I don't think that is the Most Canonical grid... Most Intuitive grid perhaps...

Code: Select all
`Most Canonical grid (normalised form)123456789456789123789123456231564897564897231897231564312645978645978312978312645`

Oh crap! I just saw Diagonal Mirrors in this form too!

\M: (1)(24)(37)(5)(68)(9)
/M: (15)(2)(38)(4)(67)(9)

So how do we calculate the figure 648 from all these symmetries?

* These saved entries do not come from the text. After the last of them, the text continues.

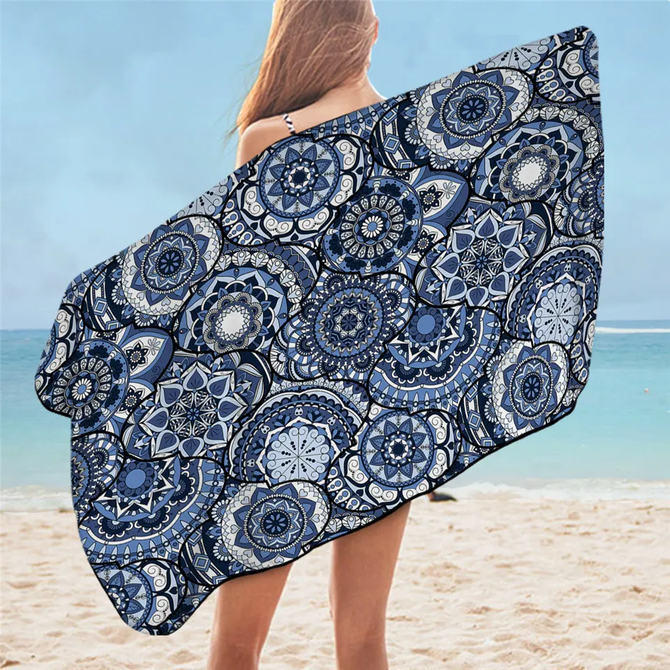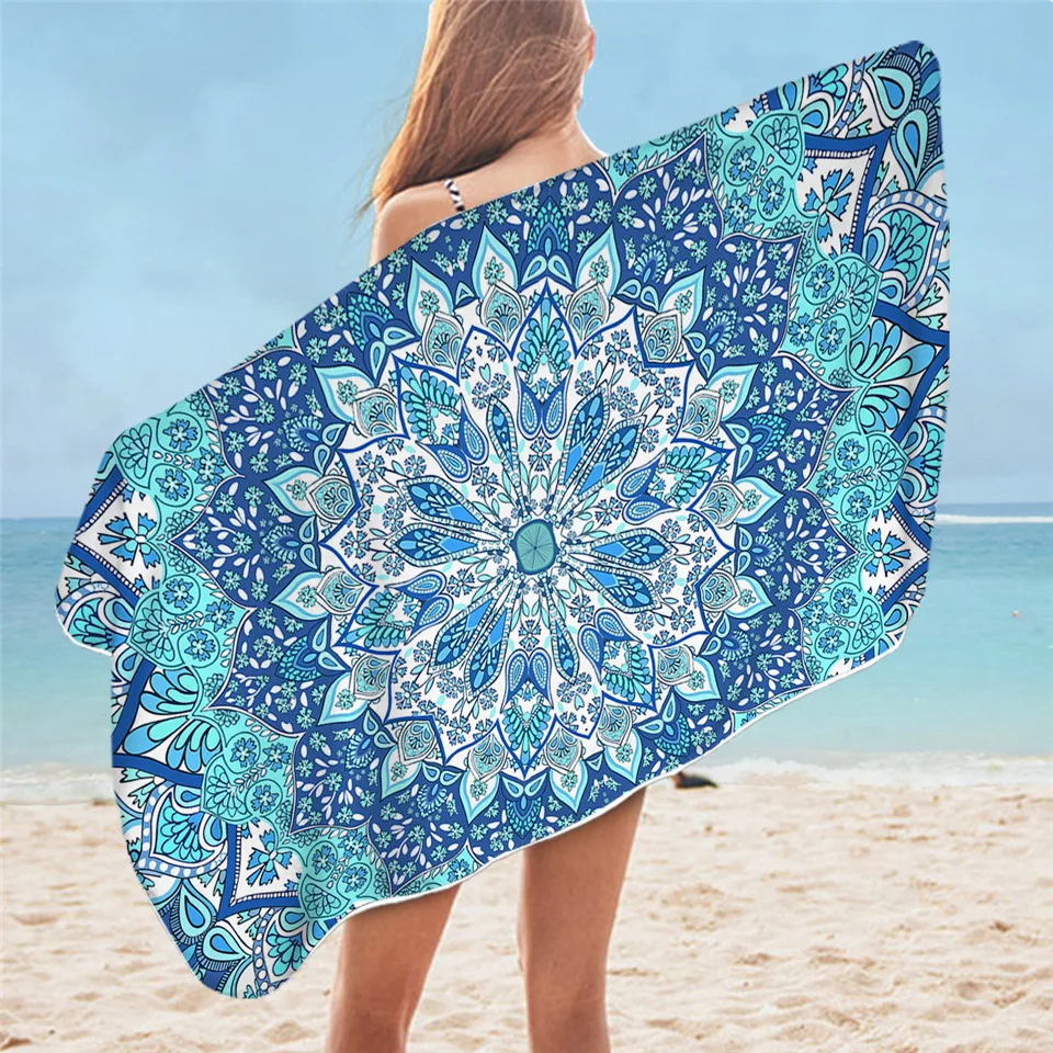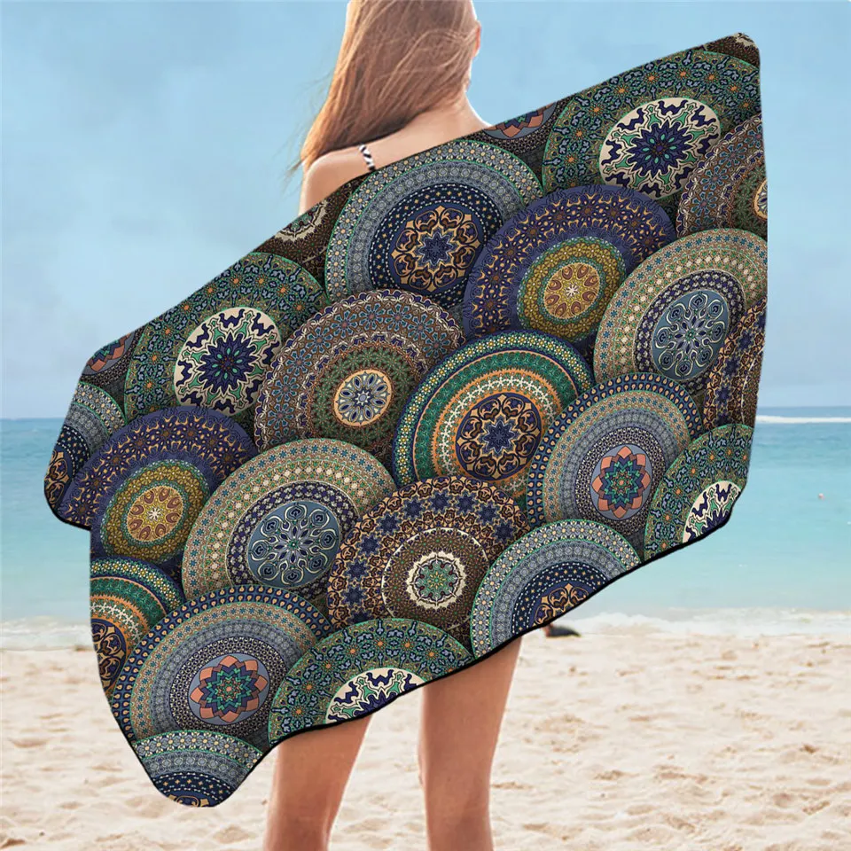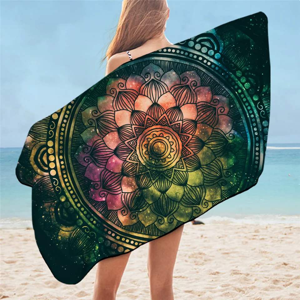 Полотенце для ванной BeddingOutlet с изображением мандалы, цветочное полотенце для пляжа путешествий для взрослых, полотенце из микрофибры зеленого и синего цветов, 75x150 см
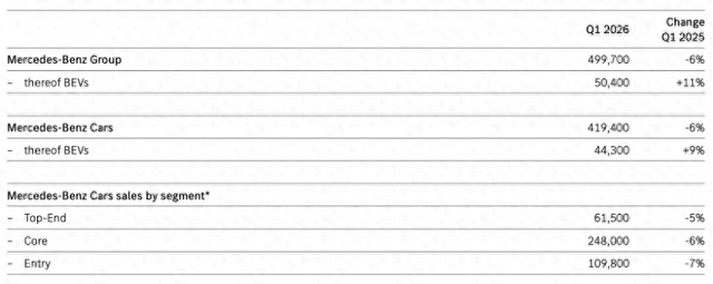 4月9日,梅赛德斯-奔突集团在官网发布2026年第一季度销量讲述。数据泄露,该集团第一季度民众销量为49.97万辆,同比下滑6%。其中,梅赛德斯-奔突乘用车业务民众销量为41.94万辆,同比下落6%,合适该公司预期。
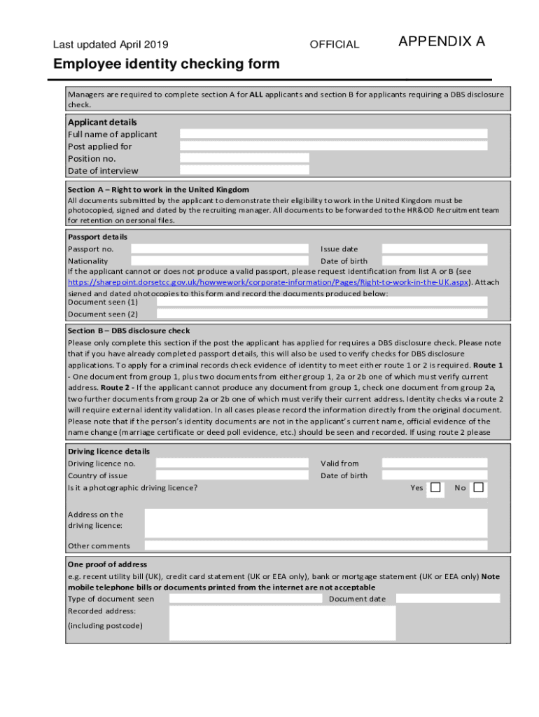 Last updated April 2019OFFICIALAPPENDIX Employee identity checking form Managers are required to complete section A for ALL applicants and section B for applicants requiring a DBS disclosure check.

I get it. QT is subsumed by HT+DM. So HT+DM+LS gives us the factor of 2x2x2=8. The factor of 3x3x3x3=81 might be generated by ML+MD+JL+JD but I'm not so sure. Note MR+DM yields MC and MR+MC yields MD. So MR+DM should make both MC & MD dependent. Perhaps it's ML+JL and then one of the order-9 groups?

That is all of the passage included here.